I have started by deriving the distribution function $f_X(x) = 1/2$
Then I am creating the new random variable $Z = e^{-X}$. $f_Z(x) = e^{-1/2}$.
Then I am solving for $E(Z)$ by taking integral of $xf_Z(x)dx$ from $0$ to $2$.
However this is wrong. Where have I misunderstood the process/erred?
On
If $X$ is between $0$ and $2$ then $Z=e^{-X}$ is between $e^0=1$ and $e^{-2}\approx 0.13533528.$ Therefore $$ \operatorname E(Z) = \int_{e^2}^1 xf_Z(x)\,dx. $$ But it is also equal to $$ \operatorname E(Z) = \int_0^2 e^{-x} f_X(x)\,dx. $$ For that you can integrate by parts.
Your proposed value of $f_Z(x)$ is not correct.
You have \begin{align} F_Z(x) & = \Pr( Z\le x) \\[8pt] & = \Pr(e^{-X} \le x) = \Pr(X\ge - \log_e x) \\[8pt] & = \int_{-\log x}^2 \frac u 2 \, du = \int_2^{-\log x} \frac{-u}2\, du \end{align} and so \begin{align} f_Z(x) & = F_Z'(x) = \frac{\log x} 2 \cdot \frac d {dx} \log x \\[8pt] & = \frac{\log x} 2\cdot \frac 1 x \quad \text{for } e^{-2} < x < 1. \end{align}
Integration of a density over $\mathbb{R}$ must be $1$, by definition. So you calculation of $f_Z$ is incorrect.

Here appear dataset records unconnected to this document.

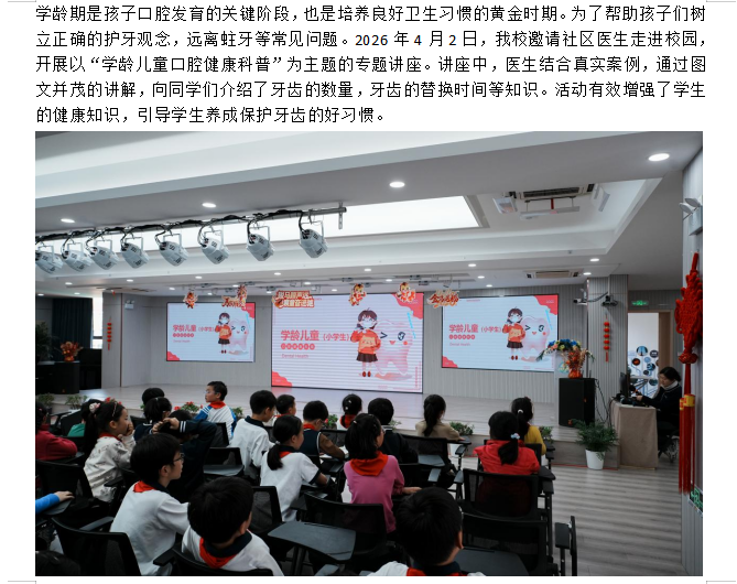 天平医生进校园——学龄儿童口腔健康科普
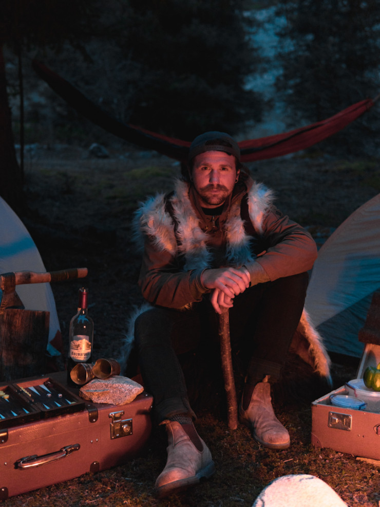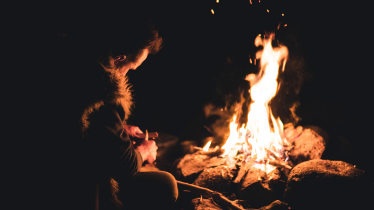 Где-то в горах Тянь-Шаня Натан отдыхает у разгоревшегося костра
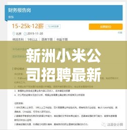随着科技的飞速发展和市场的不断拓展,新洲小米公司正处于飞速发展的黄金时期,为了满足业务发展的需求,公司现正广泛招募各类优秀人才,本文将为您详细介绍新洲小米公司的招聘最新信息,包括招聘的岗位、要求以及公司为员工提供的福利待遇等。
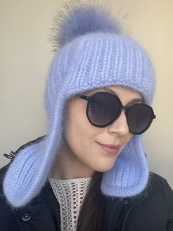 Шапка ушанка ангора вязаная
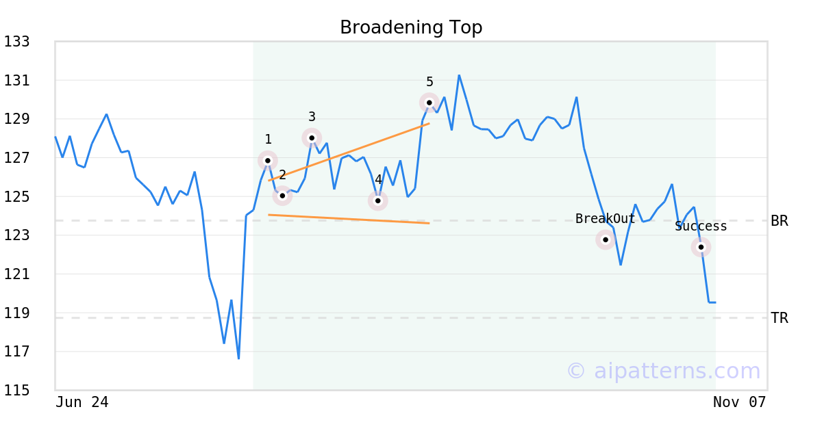 On September 05, 2025, A.I.dvisor detected a Broadening Top Pattern (Bearish) for Sun Communities (SUI, $128.77). 34 days later, on October 09, 2025, A.I.dvisor confirmed the Bearish pattern, setting a target price of the stock. On October 28, 2025, the stock hit the target price of $118.74 – resulting in a gain for traders who shorted the stock on the pattern detection date.
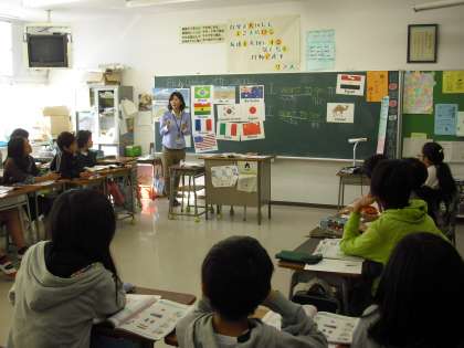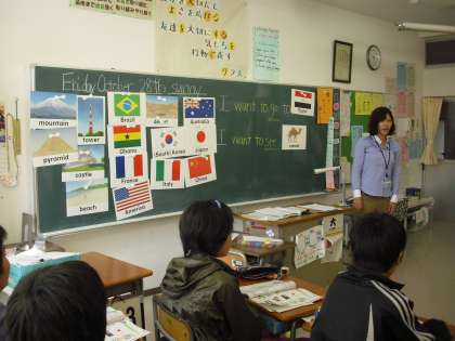 6年生の英語活動の授業の様子です。今日は国がテーマです。「I want go to ○○」英語活動支援員の先生の発音に習いながら、話します。絵カードの国を見ながら、自分の行ってみたい国を当てはめながら伝えて合っていました。
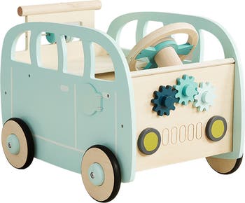 Your child will learn to be ready for road-trip adventures while playing with this mini car that's a push toy and scooter as well. The interior includes a steering wheel with beeping horn and brake and accelerator pedals for super fun imaginative play. Exterior features include the front grill with spinning gears and doors with side-view mirrors for hands-on engagement. The back has an abacus for counting and sorting, and a storage trunk for their favorite toys.
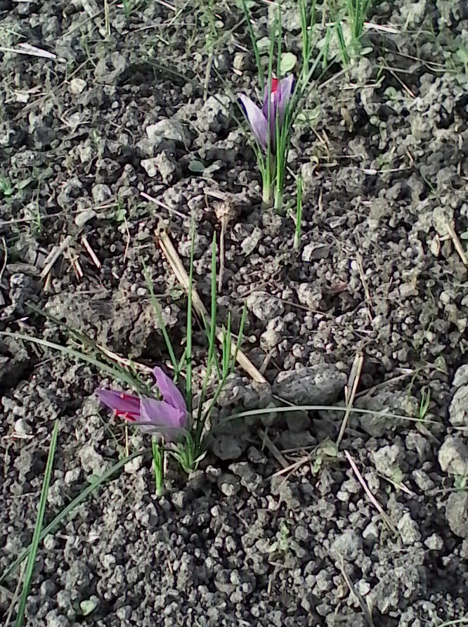 De plus, il s'avère que le terrain a une très bonne exposition, calcaire et drainant, tout ce dont le safran (crocus sativus) a besoin. Oui, le safran ! Ancien cuisinier, je souhaite allier l'apiculture et le safran, pour un miel d'exception et respectueux des abeilles, riche en goût et qualité.
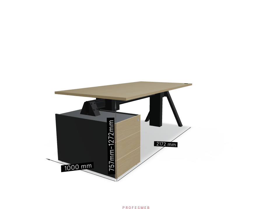 Biurko elektryczne z regulacją wysokości blatu i kontenerkiem 2172 x 1000 mm Viga
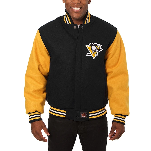Men's JH Design Black/Gold Pittsburgh Penguins Big & Tall All-Wool Jacket with Embroidered Logos
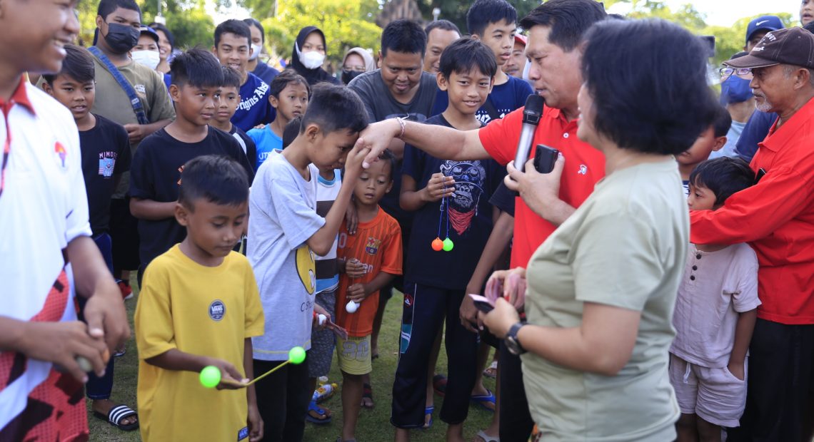 SEMARAPURA (CAHAYAMAS-NEWS). “Boleh bermain, tetapi ingat kewajiban sebagai seorang anak dan sebagai seorang pelajar,” pesan Bupati Klungkung I Nyoman Suwirta didampingi Ny. Ayu Suwirta kepada generasi muda Kabupaten Klungkung, saat menyerahkan hadiah kepada pemenang kegiatan bermain Lato-Lato yang diselenggarakan pada kegiatan Car Free Day di Alun-Alun Ida Dewa Agung Jambe, Minggu (8/1/2023).

The density of $Z=g(X)$ is not $f_Z(z)=g(f_X(z))$.
What you need to apply is the following $$ E({e^{-X}})=\int_{-\infty}^\infty e^{-x}f_X(x)\,dx. $$
Be careful that you only have $f_X(x)=\frac{1}{2}$ on $(0,2)$.
In general, for any function $h$ (with certain assumptions), one has $$ E(h(X))=\int_{-\infty}^\infty h(x)f_X(x)\,dx. $$
This is also called Law of the unconscious statistician.